ちわき:ちょうどその年のツアー(『BUCK-TICK TOUR THE BEST 35th anniv.』)が始まった頃と、私が櫻井さんとご一緒していた番組『BUCK-TICK 櫻井敦司とくるみちゃんの部屋』がリンクしているんですけど、そこでもドキュメンタリー映画の話をしていて、「(ツアーの移動中に)振り向くとカメラがいるんです、駅とかに」とおっしゃっていて(笑)。ラジオの収録にカメラが来るという話もあったんですが、スタジオではあまり絵にならないから実現しなかったようです。まだコロナ禍で、私たち番組チームもすごく気をつけて収録していたし、それ以上に櫻井さんたちは日々気をつけてツアーしていたと思います。そういったストイックなトーンもありつつ、でも大人のツアーですから、そんなに騒いだり飲んだりしないので、いい感じの空気だったのかなと思います。皆さんが思っている以上にロックミュージシャンの日々ってストイックなんですよね、大人になると。ステージですべてを出すために、さすがのBUCK-TICK兄さんたちも節制してるんです(笑)。
ーー『Ⅱ』のインタビューで櫻井さんがそういうことを話されていますね。若い頃は違ったけど、今は全力を出すためにツアー中はステージに集中して体を休めると。
ちわき:そういったステージに懸ける思いの強さはわかりますね。ツアーって基本的には毎回が同じじゃないですか。移動して楽屋に入って、会場の人たちに「今日もよろしくお願いします」って挨拶して、サインして物販が始まって……その繰り返しを長年やってきたからこそ、ああいうパフォーマンスが成り立っているんだということを、まざまざと見せられた気がします。私たちを別世界に連れていってくれるようなBUCK-TICKの素晴らしいステージが、ポンとできているわけではなくて。35年間これを続けてきた彼らのやり方とかチームワークを活かして、より良いやり方を模索しながら。途中で、演出の直しとかをするじゃないですか。「この照明ちょっと気になるんです」とか。そういう日々の小さな積み重ねから、私たちがいつも「素敵!」と思っている世界ができているんですよね。レコーディングとは違うベクトルで、メイクや衣装、照明やセットの皆さんをまとめていく、5人とチームの皆さんとの細かい積み重ね。これがすべてだと思いましたね。
ーーリハーサル終わりでスタッフの皆さんに、櫻井さんが「よろしくお願いします」と毎ステージ必ず言うのも印象的でした。ちわきさんとの番組でツアーのこともよく話題になっていたようですね。特に記憶に残っていることはありますか。

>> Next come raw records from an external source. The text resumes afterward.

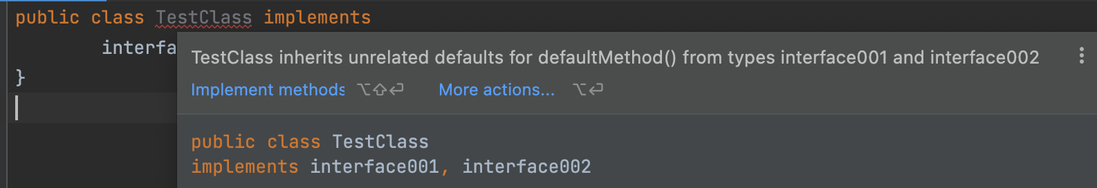 위 문제를 해결하려면, 클래스에서 충돌이 발생한 메서드를 구현합니다.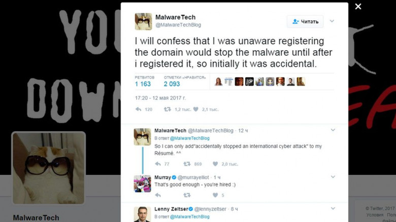 @MalwareTechBlod также добавил, что теперь может занести в свое резюме, как он «случайно остановил международную кибератаку».
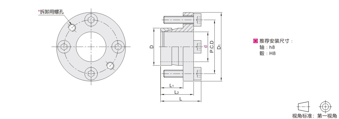 ※拆卸用螺孔的螺径与锁紧螺栓相同。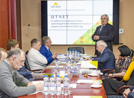 Традиционное общее собрание членов Российского союза производителей химических средств защиты растений (РСП ХСЗР) состоялось 19 апреля 2016 года в Москве в центральном офисе компании «Август». На нем были обсуждены итоги работы Союза за 2015 - начало 2016 года, утверждены ближайшие планы деятельности организации и ряд других вопросов.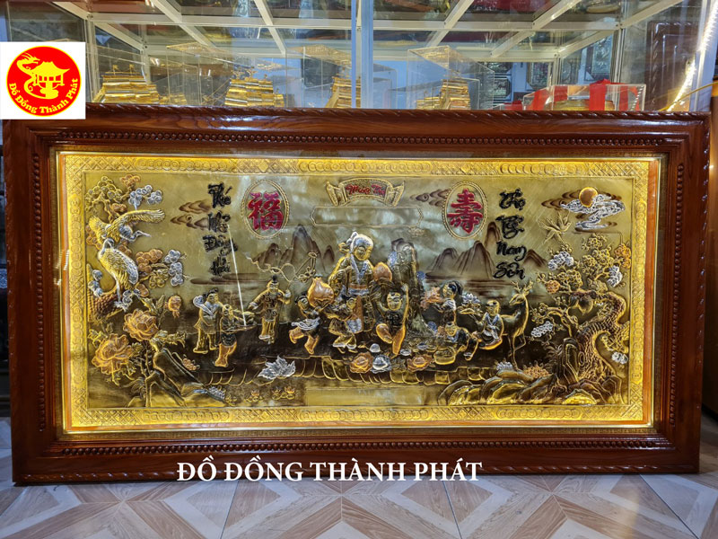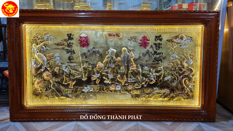 Bức tranh đồng mừng thọ cụ ông khổ lớn dài 1,7 m rộng 88 cm, tranh đồng ngũ sắc năm màu khung gỗ trò có gắn đèn led sáng, bưc tranh đồng chúc thọ cụ ông dùng trong hoàn cảnh cụ ông được thọ, cụ bà không còn nội dung viết chúc thọ cụ ông theo bối cảnh ông mừng xuân Quý Mão 2023 giá 7.900.000 đ Km còn 5.900.000 đ
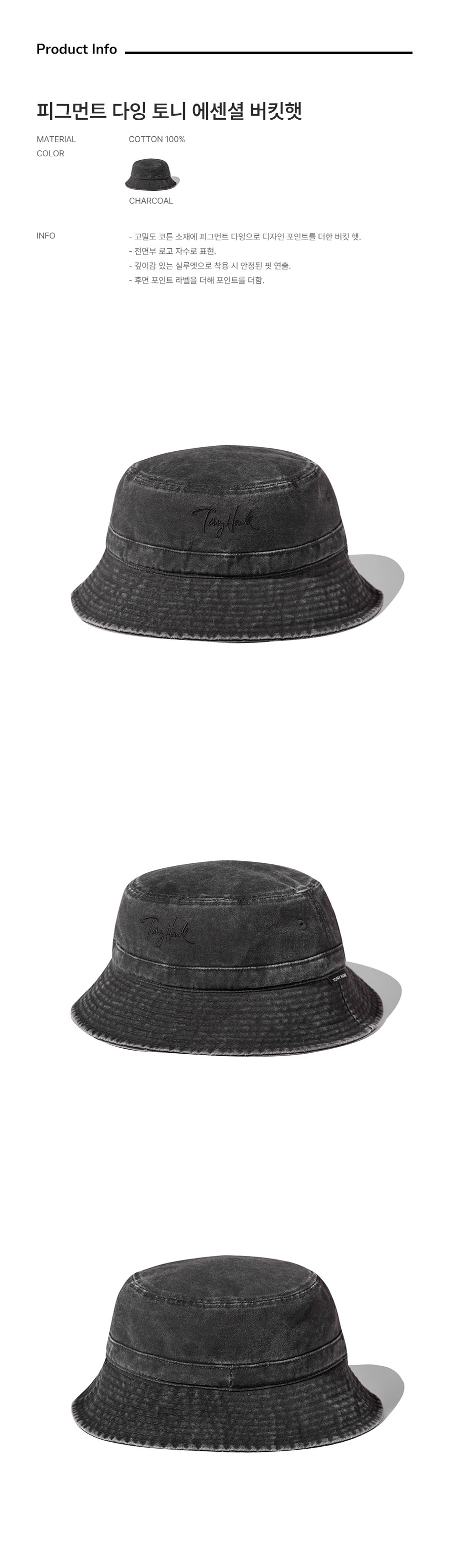 토니호크 피그먼트 다잉 토니 에센셜 버킷햇 차콜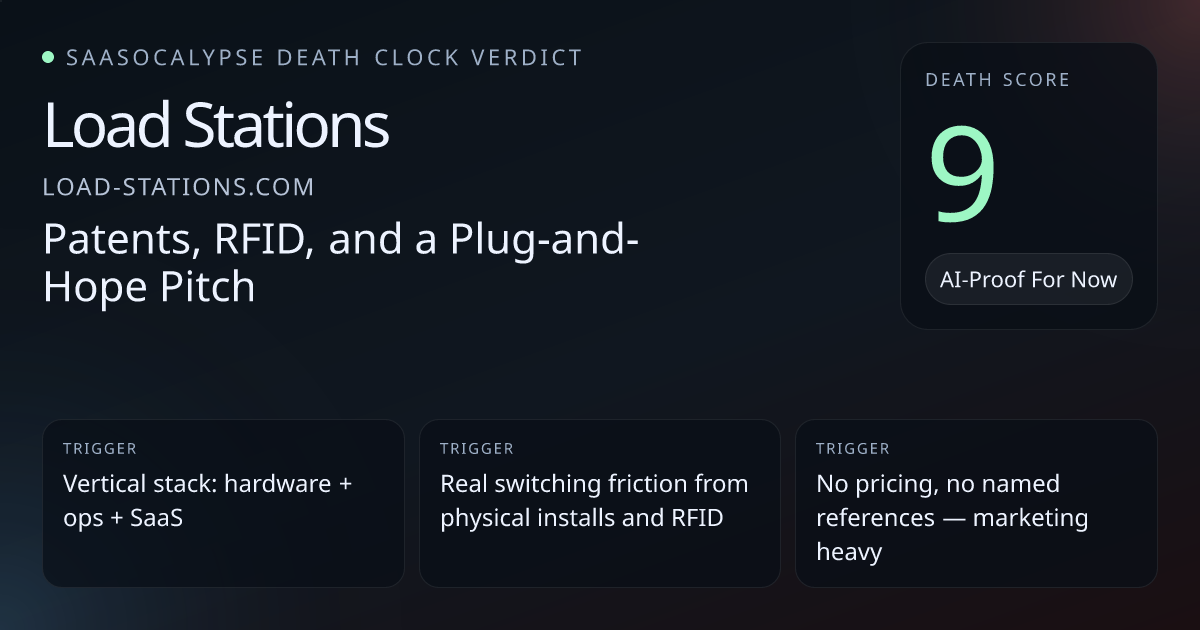 No AI positioning or third‑party model dependency (model_dependency_risk = 0) — removes large commoditization vector.High switching costs from physical installs, distributed RFID cards and operator services (switching_cost = 12).Deep workflow ownership: daily fleet supervision, billing/expense flows and employee access tie customers into operational routines (workflow_ownership = 12).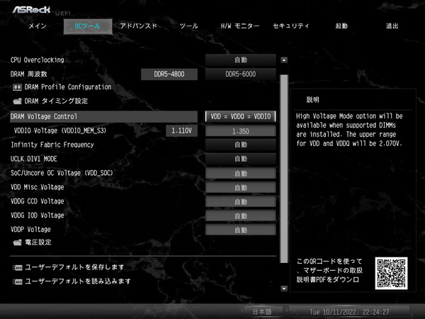 メモリ周波数が6000MHz程度(UCLK 3000MHzとFCLK 2000MHz)であれば、CPU SOC電圧の目安は1.100V程度です。Auto設定だと1.300~1.350Vくらいに昇圧されることがあるので注意。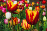 Blooming multicolored tulips close up on a sunny morning in Ukraine.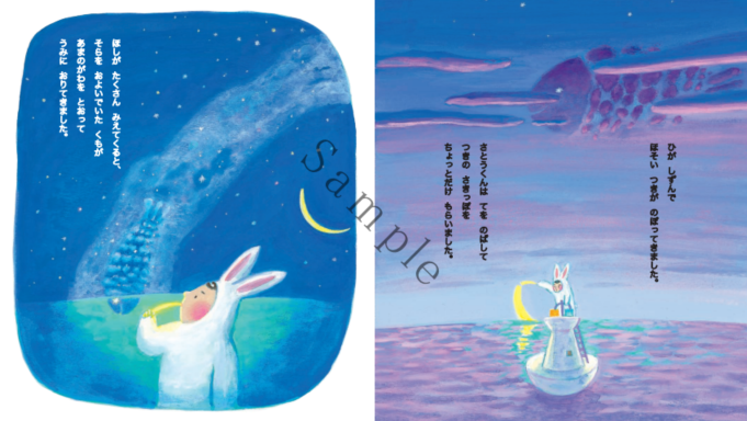 토끼소년은 연못에 비친 달을 먹어보기도 하고,밀짚모자의 구멍 너머로 바다를 바라보기도 하며,비를 묶어보기도 하는—

ちわき:櫻井さんが原田真二さんのことがすごくお好きだということで、番組でも原田さんの曲をよく選曲してかけていらしたんですよ。櫻井さんのファンが全国からあの番組を聴いてくださっていたので、この話が原田さんご本人に伝わったようで、原田さんの出身地である広島公演の日、原田さんのマネージャーさんが大量のお好み焼きを楽屋に差し入れしてくださったそうです。「リハをしていたら大量のお好み焼きが。とても美味しかったです」と櫻井さんがおっしゃっていました。ファンの皆さんがSNSで拡散して、原田さんご本人の耳にも入ったという。お魚さん(ファンクラブ FISH TANK会員の愛称)たち、すごいですよね。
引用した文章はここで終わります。